I also believe the neck die will flow brass when sizing, evening the neck thickness.
The neck is sized around a mandrel, squeezing the brass causing it to even out. There is very little to no lengthening of the brass in this process.
Thank you for the replies.
For clarity the runout is on the case neck. I haven’t measured loaded rounds on the bullet. My intent is to eliminate the runout as I move down the line.
I pulled out the micrometer and sure enough there’s a thou and a half of neck thickness variation.
I’ll probably clean up the necks 50% or so to see if that does anything for my runout and if not I’ll send the die back to whidden to get checked out.
@ragnarnar I think you'd benefit from neck turning.
tackyp last edited by tackyp
Who’s the next best option for a neck turner following 21st
Would you recommend a full neck turn or just a 50% or so clean up?
Feel like I should add more to this.
I just performed a detailed examination of a couple more cases. Some of the walls near the case mouth go down to the .013x range. That seems like too much to remove.
I stack small washers on the micrometer static tube/ball thing; that way the case mouth rests at the same level every time. I can adjust height by removing or adding them.

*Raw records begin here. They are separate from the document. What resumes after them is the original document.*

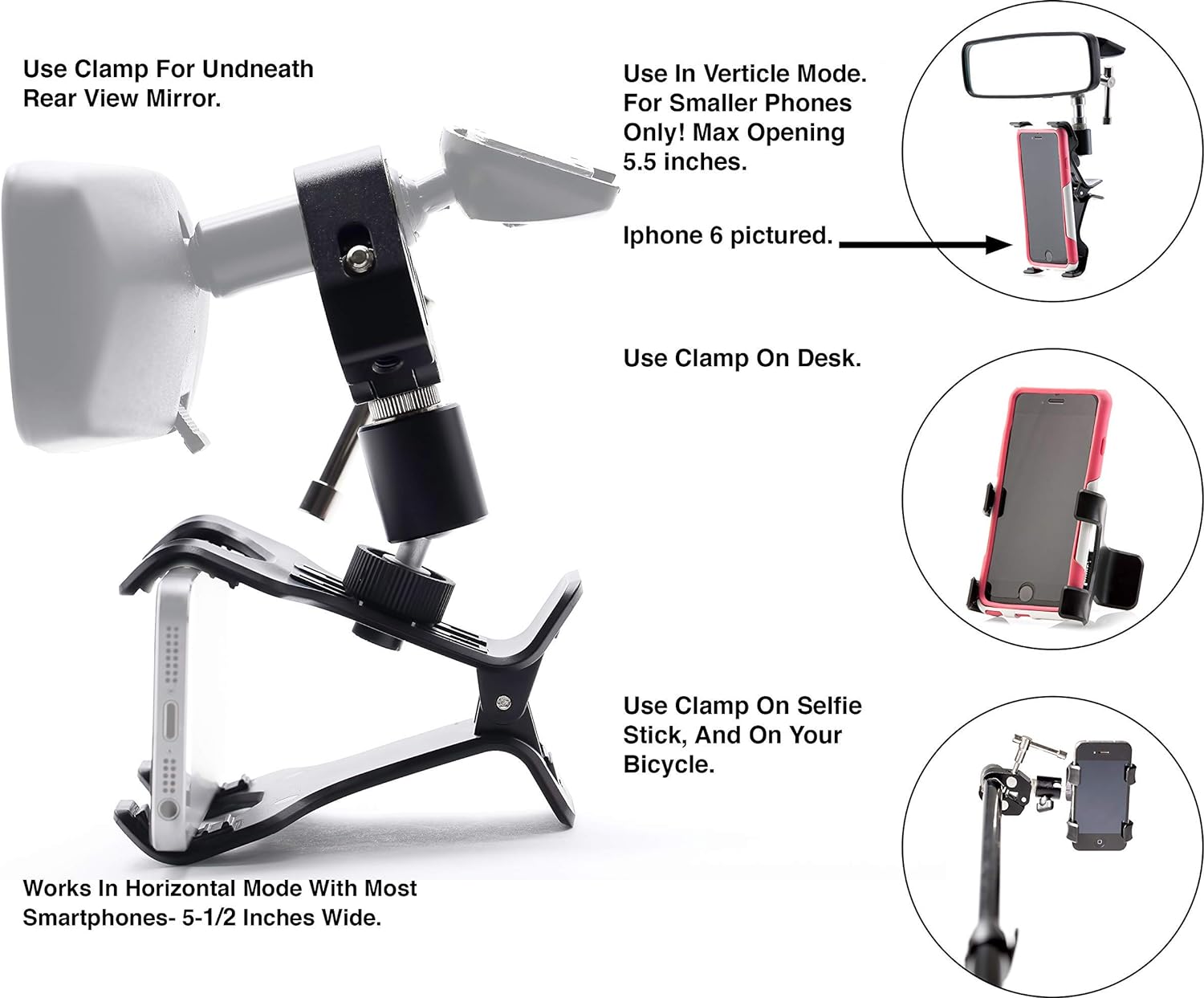 *****(Works in landscape mode on rear view mirror only)***** Clamptastick version 1 is a large, lightweight, strong clamp that holds your phone in one place. Now you can finally let go of your phone in a second with just a quick squeeze.
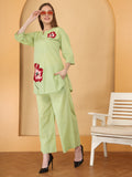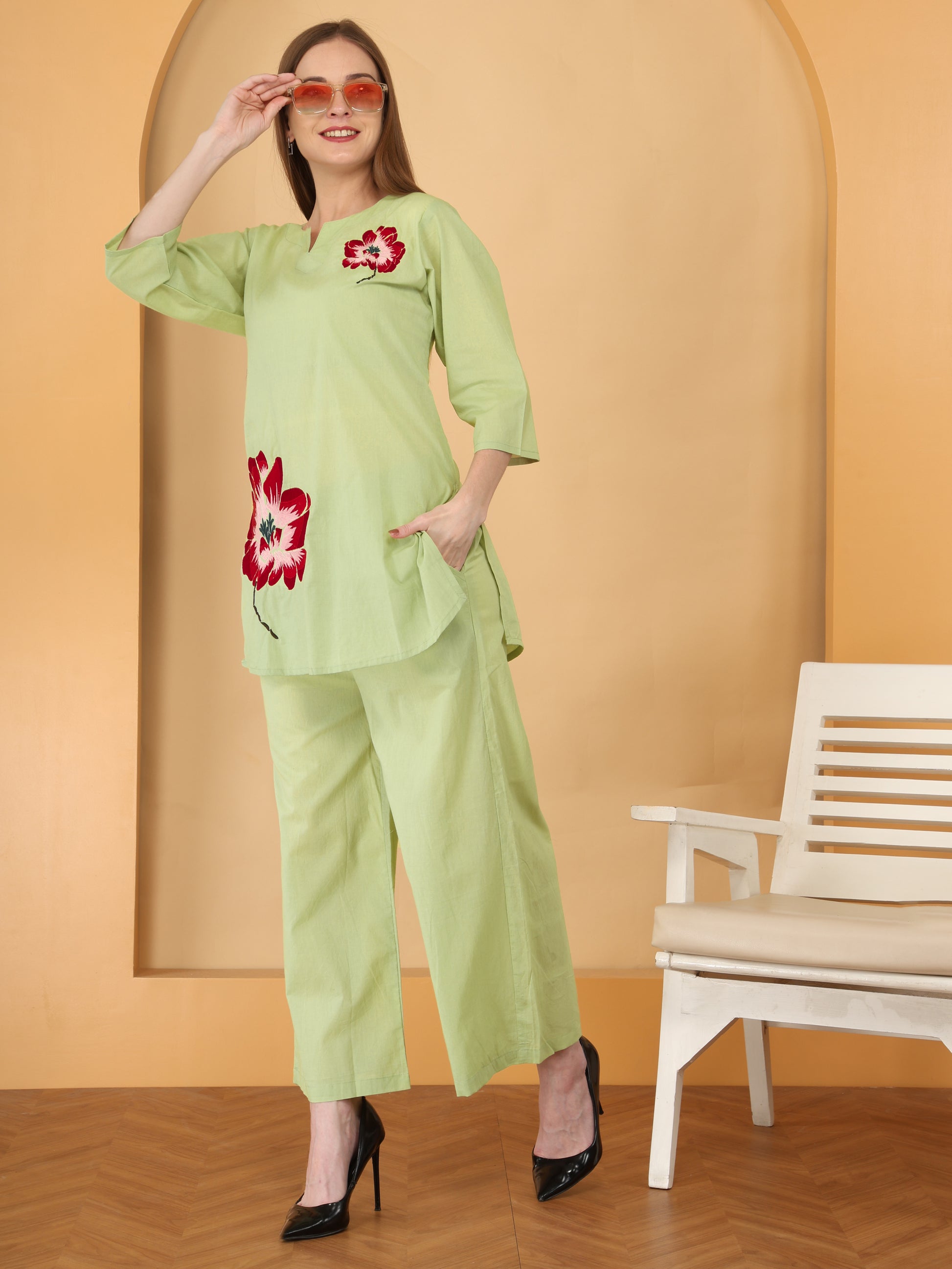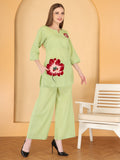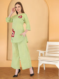 Unique co-ord set for beautiful ladies, stylish embroidered Co-ord Set, Formal Design Co-ord sets, summer wear, comfort and soft Fabric, Pista co-ord set for ladies, Women embroidered, Semi-formal co-ord set, minimilist design co-ord set
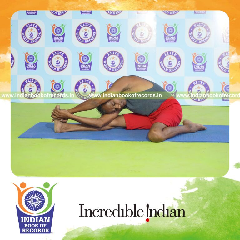 The Longest Duration Holding Daksina Parivrtta Gomukha Janu Sirsasana Yoga Pose by an Individual (Male) lasted for 3 Minutes and 4 Seconds. It was accomplished by Dr.V.Gunasekaran, Founder-Maragatham Yogalayam at Udumalpet, Tirupur District, Tamil Nadu, India on September 25, 2019.
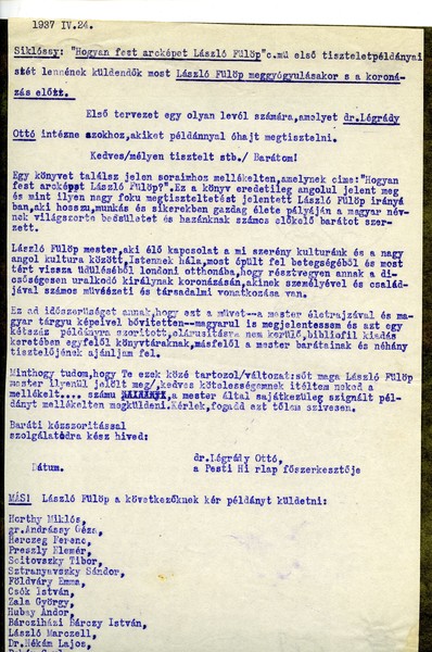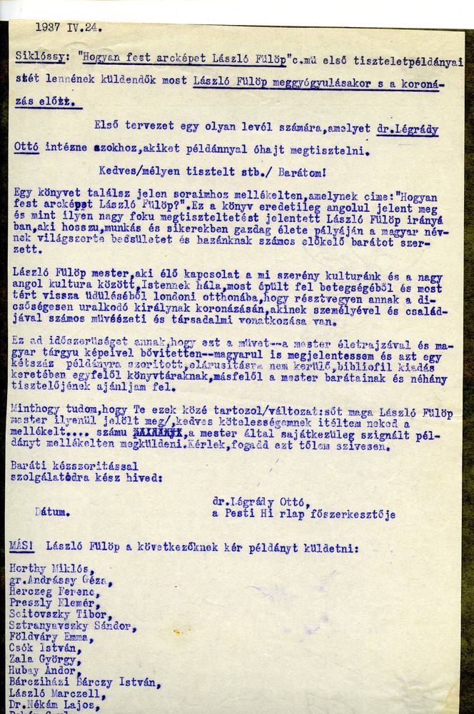 Complimentary copies of the Hungarian edition of "Painting a Portrait" will be sent out now that de László has recovered and before the Coronation. First draft of a letter which Légrády intends to send to all recipients of the complimentary copies.
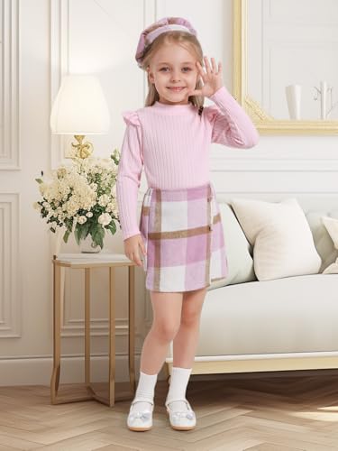 Patgoal Toddler Girls Fall Winter Clothes 3 Piece Outfits Kids Long Sleeve Ribbed Knit T Shirt Sweater Plaid Mini Skirt Set 4
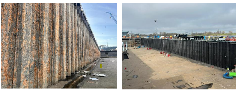 Before and after: Steelpaint’s Stelpant system was applied to the drydock’s sheet piles after existing coatings and steel was blasted to Sa 2½.
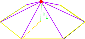 muss aber noch dafür gesorgt werden, dass die neu entstandenen Pyramidenspitzen • ebenfalls auf dieser Kugel liegen, dass also die fünf- und sechseckigen Pyramiden die passenden Höhen h1 und h2 haben.
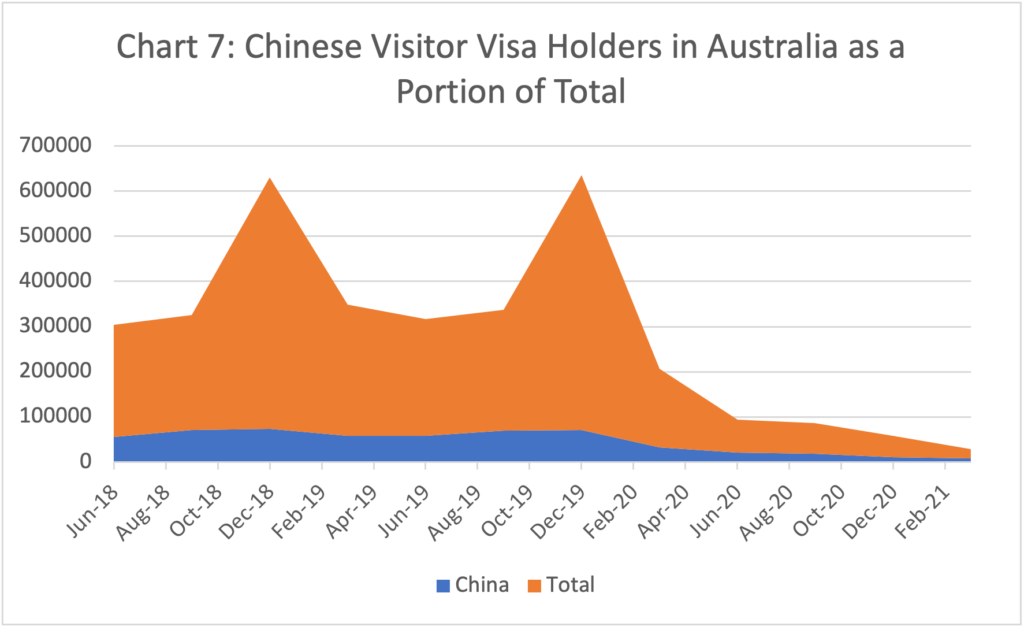 There will likely be a small rise in family and business visas granted to Chinese citizens in 2020-21 predominantly due to backlog clearance. But the long-term trend will be decline even after international borders reopen and even if the Government increases the migration program as assumed by the Treasury Department in its December 2020 Population Statement. The tightening of the business skills program and increased use of the new Global Talent Independent for business migrants and investors, where decision-makers have much more discretion in who they approve, will lead to a decline in visas granted to migrants from mainland China. That will be partly offset by increased grants to migrants from Hong Kong.
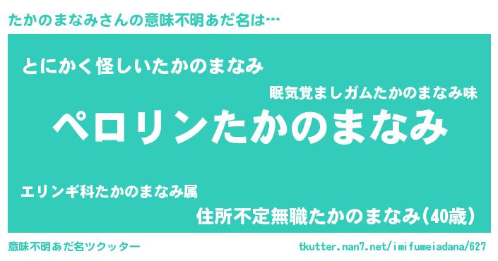 | ヒーロー風カッコイイあだ名 | 『スーパータカノマナミ』『幻影騎士タカ』 |
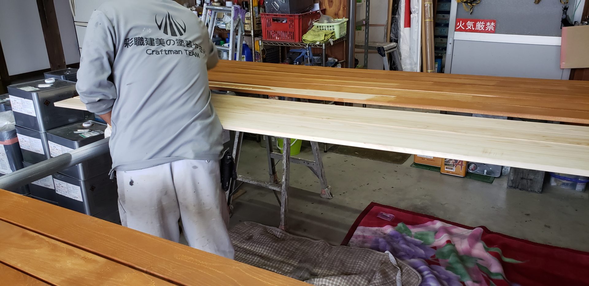 本日は、雨で外での作業ができないので、事務所にある塗装ブースで作業しました。
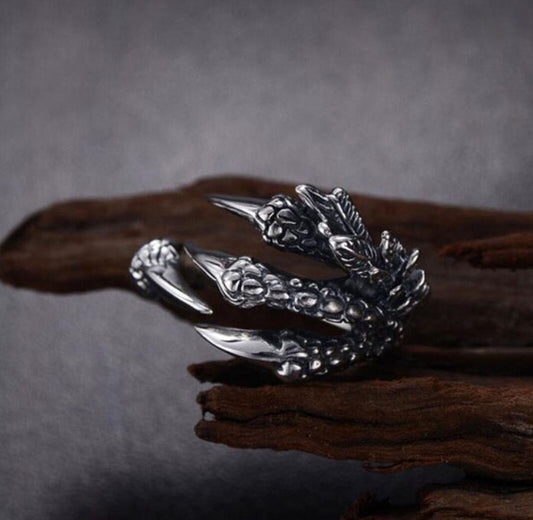 Anello da Uomo Regolabile Fashion UNGHIE DEL DRAGO Artigli Dragone Silver punk
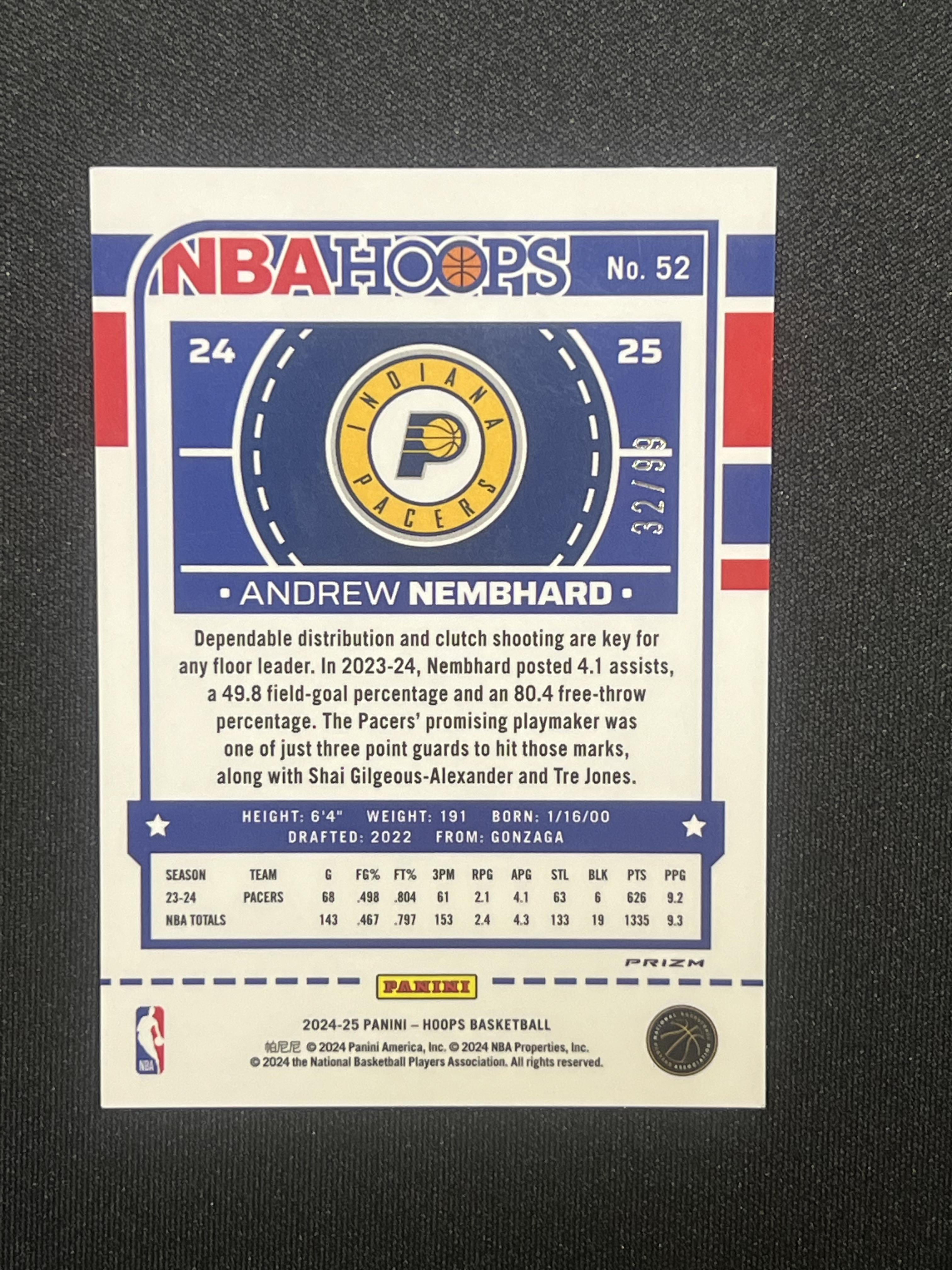 【卡卡星拍卖】2024-25 PANINI HOOPS ANDREW NEMBHARD 安德鲁 内姆布哈德 99编 折射 蓝圈圈折 季后赛奇兵 步行者 篮球 卡品如图 宋
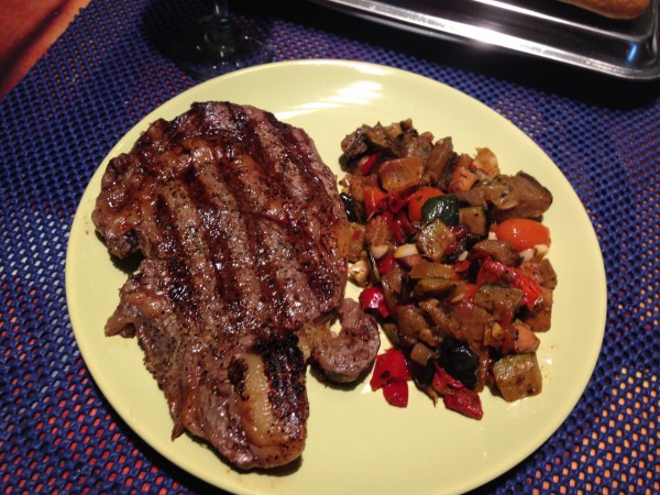 Общее время приготовления 2-4 минуты на стороне (в зависимости от толщины куска), после чего складываем куски в емкость, накрываем и даем мясу «дойти» в теплом месте до нужной вам кондиции 5-10 мин. Можно использовать духовку, нагретую до 70 гр. Однако мы просто оставляем мясо под крышкой рядом с грилем.
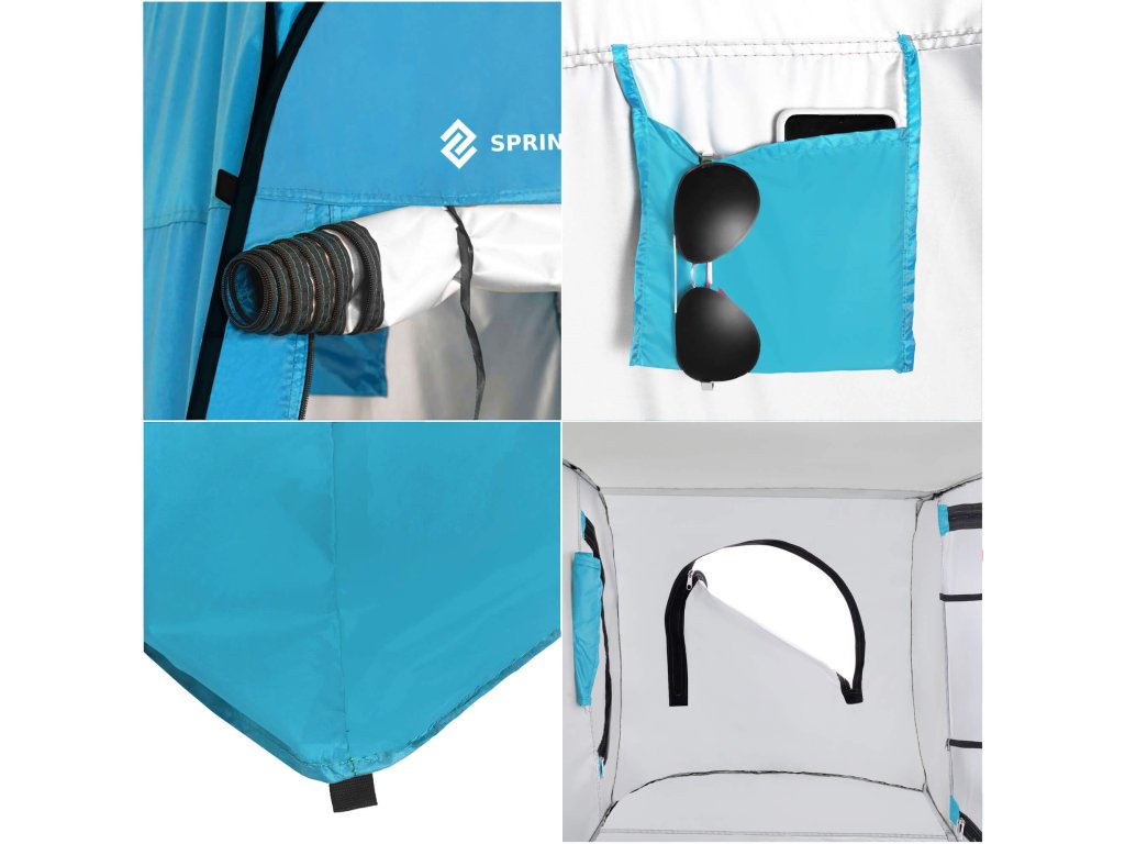 - Na svakom uglu zida na vrhu 4 pričvrsne točke kroz koje provlačiš užad i pričvršćuješ kabinu kako bi stajala stabilno i ne mahala na vjetru
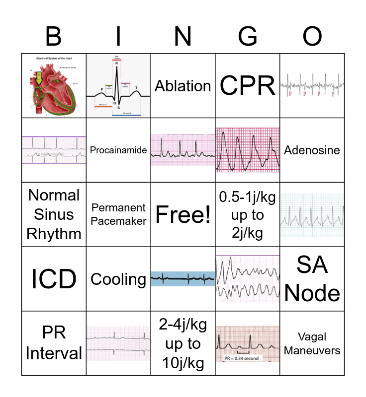 This bingo card has 11 images, a free space and 15 words: Normal Sinus Rhythm, SA Node, PR Interval, Permanent Pacemaker, Cardioversion, CPR, ICD, Ablation, Vagal Maneuvers, Adenosine, 2-4j/kg up to 10j/kg, 0.5-1j/kg up to 2j/kg, Cooling, Procainamide and Amiodarone.
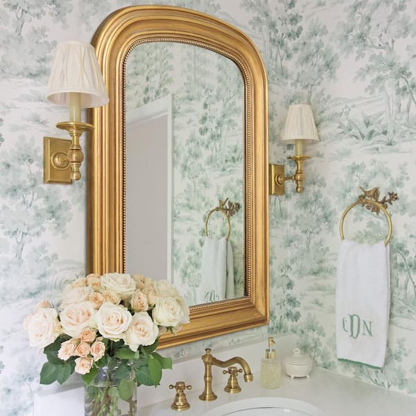 23.6 in. W x 33.5 in. H Ornate Baroque Brass Classic Finely Carved Wooden Frame Arched Wall Mirror

Were I to buy one to try right now, it would probably be the sinclair 4000.
If I'm going through the trouble of neck turning, I'm going for as close to uniform neck dimension as possible, within the thickness range I'm looking for. Sometimes you can get that by just going 30-50% removal. However, in my experience, 80% or more is required to get uniform thickness around the circumference of the neck.
Thanks. I’ll order a cutter up and see what I can manage.
Also, and I do realize this is a long shot, but does anyone have any load data or even a starting point for 168gr-class solid copper bullets?
I’m thinking I’ll probably start at 70 by the half grain looking for pressure unless someone can suggest something better.
@ragnarnar Seems like an alright plan.
tackyp last edited by tackyp
Did a quick work up with 168 LRXs once. 7 mag though. Let me look for it.
No need. I tried it today with the same bullets and H1000.
Pressure at 72 and wipe at 72.5
I think there’s a node in the 70.2-70.8 range. Velocity looks mid 3000’s.
I’m jumping 60 thou
Ok, I had a chance to do some more work with the 7LRM.
Before I get into the nittty gritty I just need to restate that Travis is a genius. This rifle shoots like a laser beam. If I do my part the rifle will put 180 VLD's into a group under a quarter inch with ease.
To work on this concentricity issue I took 30 pieces of brass, left ten of them unturned, turned ten of them down to .015 and the last ten down to .0145.
The .015 gives me about 50% of the neck turned and the .0145 gives me about 90% of the neck turned. I'm unwilling to go much further than this due to brass life concerns.
Loaded them all with the same 70.5gr H1000/180VLD load and shot them for groups. (While its unrelated, I got the best result with the unturned brass. I suspect I'm the limiting factor here because the .0145 groups were the next best.)
Took them home and checked them for concentricity. Out of the chamber the unturned brass gives me the best result, about 1.5 thou eccentric. The two neck turned batches give me about 2 thou eccentricity. (again not sure why this is the case, it seems counter-intuitive to me)
After sizing, I had introduced runout up to the 2.5 to 3 thou range. This leads me to suspect the die itself being the culprit because of the 30 pieces I never was able to get a piece of brass to have less than 2.5 thou TIR.
The only other thing I could see it being at this point is a matter of me oversizing, because the brass comes out of the chamber around .319-.320, gets sized down by the die .309 and then takes the bullet about .311. However it seems to me that random chance would give me at least a single piece of brass in that 0-1 thou runout range were this the case.
As always, I'd appreciate some input and guidance. Unless anyone can think of something else to try I think I'm going to give Whidden a call tomorrow and see what he has to say about getting the die checked and replaced.